# northman plow



## rspiper63 (Oct 10, 2009)

Can anybody tell me where i can find a dealership, I have a northman plow, I,m able too raise and lower it, But it will only angle to the right, I cant get it too angle to the left. Do you think its a electrical problem or hydraulic hoses cross????? Any info will be greatly appreciated.  Thanks


----------



## wild bill (Feb 10, 2007)

*plow*

you might try these guys http://www.lamperthitch.com/prodDetail.cfm/321362,Northman 2300 Snowplow
http://www.lcltruckequipment.com/northman.html
other wise i dont know they went out of business several year's ago and were bought and the new company was trying to come out with a new line of plow's .

i used to be able to buy from the new company were i used to work ,you might give them a call and see if they can be contacted yet .quad city spring 309-762-2956 i dont know were you are located ,but give them a try .:salute:


----------



## deadhead (Aug 18, 2009)

Try to switch the wires on your left/right angle , this should help identify the entegrity of the switch,see if itis good in the other position, or check for continuity with an ohm meter at the switch, should be open in the center and have a reading when the switch and the meter are on the same side of the switch.
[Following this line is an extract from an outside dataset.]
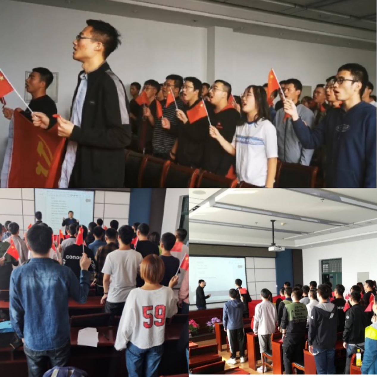 3.“十一”期间,2016级学生第一党支部全体党员在党支部书记张宏亮老师的带领下,在G区10楼会议室1012举办唱国歌活动。学生党员们挥舞着小国旗,伴着音乐节奏,歌唱《我的祖国》。在中国五千年的文明史上,无数先辈为了祖国的强大、民族的兴旺、梦想的实现,努力奋斗、坚持不懈、继往开来,作出了可歌可泣的贡献。通过这一形式使学生党员增强了对于祖国七十年来无数革命先辈的努力充分的理解。通过这一阶段以“辉煌七十年,奋进新时代”为主题的集中学习,使党支部全体学生党员对于习近平新时代中国特色社会主义思想有了新的理解和感悟,对于自己的责任和义务有了更加清晰的认识。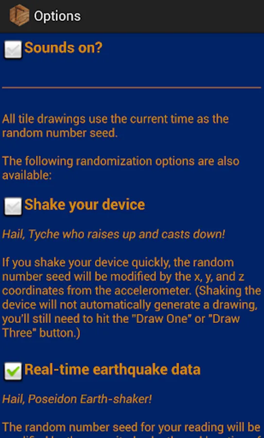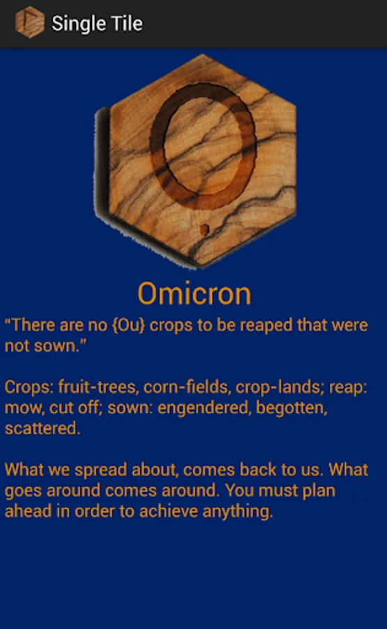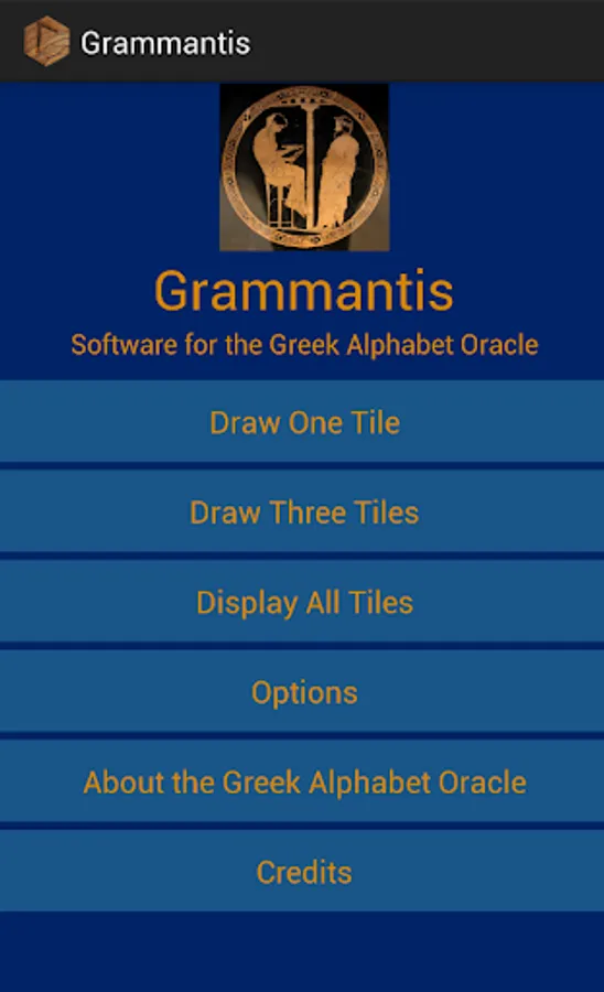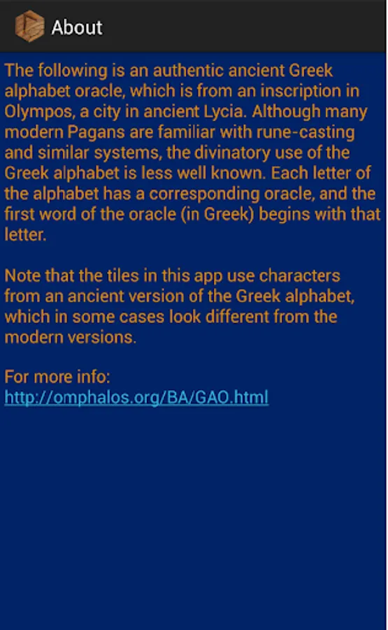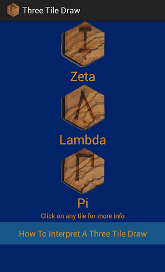From a translation by John Opsopaus, this app shows the divinatory meanings of Greek letters based on an ancient inscription found in the city of Olympos. Options include a one tile draw, a three tile draw, and a listing of all letters for study.

If that don,t work follow your wires to the pump (probably color coated) find the correct solenoid, try to apply 12V to the solenoid, see if it work either way. by doing this you will check the switch,wiring integrity from switch to solenoid, the solenoid and pump operation.
Sales Linco Equipt. INC El paso, IL ph# 309-527-6455 still in operation a year ago or so.
Number off my Northman Plow Ph# 728-258-0880 Soix City, IA PO Box 1892
Hope this Helps


----------



## rspiper63 (Oct 10, 2009)

Thanks for the info, I,ll check it out tonite when i get home


----------



## Crash935 (Sep 3, 2003)

I dont think Northman is in business any more so your going to have to find someone with left over parts.


----------



## PowerWagon (Aug 31, 2006)

I still use an NorthMan snow plow.. it still works.. 
I used an motor off an Fisher snow plow it bolts up right but run wrong way, took motor apart turn wires around inside and it run right. 

may you want to check wires on the Motor with pump start from there.


----------



## Crash935 (Sep 3, 2003)

PowerWagon;826015 said:


> I still use an NorthMan snow plow.. it still works..
> I used an motor off an Fisher snow plow it bolts up right but run wrong way, took motor apart turn wires around inside and it run right.
> 
> may you want to check wires on the Motor with pump start from there.


If it raises the pump is spinning the right way.

Try what deadhead said, switch hoses, switch the wires to the angle valve.

Could be anything from a bad controller, bad wire, bad valve, bad coil, bad hose, bad cylinder. Just have to go through the process of elimination.


----------



## basher (Nov 13, 2004)

Try Nick(nbenallo33) here on the site, they use to sell Northman.


----------